You’re preparing buffers in the lab, and maybe you’ve been following a protocol for the longest time – just going through the motions. Now, though, it’s time for you to prepare and optimize your own buffer. What’s actually involved? What are the steps and what is the process of preparing buffers for your experiments?

Buffer preparation spans six steps – selecting your buffer, deciding what chemicals to use and in what amounts, measuring them out, mixing them, adjusting the pH, and making up the right volume. All of these steps require careful optimization to ensure experimental success.

Here, we will look at the basic steps involved when preparing any buffer, the common mistakes you may encounter and the best practices to follow to avoid those mistakes.

Specifically, we will take a glance at chemical calculations and handy formulas, best practices to follow, and what’s involved when adjusting the pH and the final volume.

After that, we will also discuss some important things you need to keep in mind while storing and using the buffers you make.
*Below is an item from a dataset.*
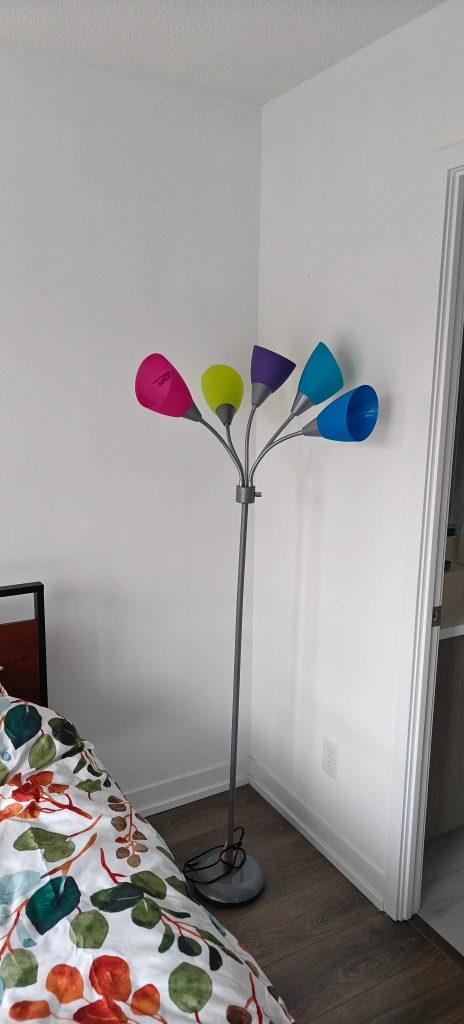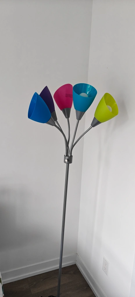 Five-light floor lamp. Adjustable gooseneck arms. Multicoloured shades: pink, purple, blue, light green, and yellow. Silver-toned metal base and arms. Great for a child's room or playful decor. Retail price is 90 plus tax.

Article table of contents:

Steps of buffer preparation

Choose the buffer you need

Chemical calculations for making buffers

Measuring out chemicals

Adjusting the pH and making up the volume

Storing the buffer properly



Steps of buffer preparation

Once you know which buffer you need for your experiment, the preparation steps involve checking the recipe, calculating the amounts of the different chemical constituents, measuring them out, mixing or dissolving them, adjusting the pH, and making up the desired volume.

Here is a brief description of each of these steps, including the things you need to follow as best practices and the common mistakes you want to avoid.



Choose the buffer you need

The buffer you need is largely based on the pH required for your experiment. The pK value of a buffer gives the range of its buffering capacity, or the pH range it can maintain.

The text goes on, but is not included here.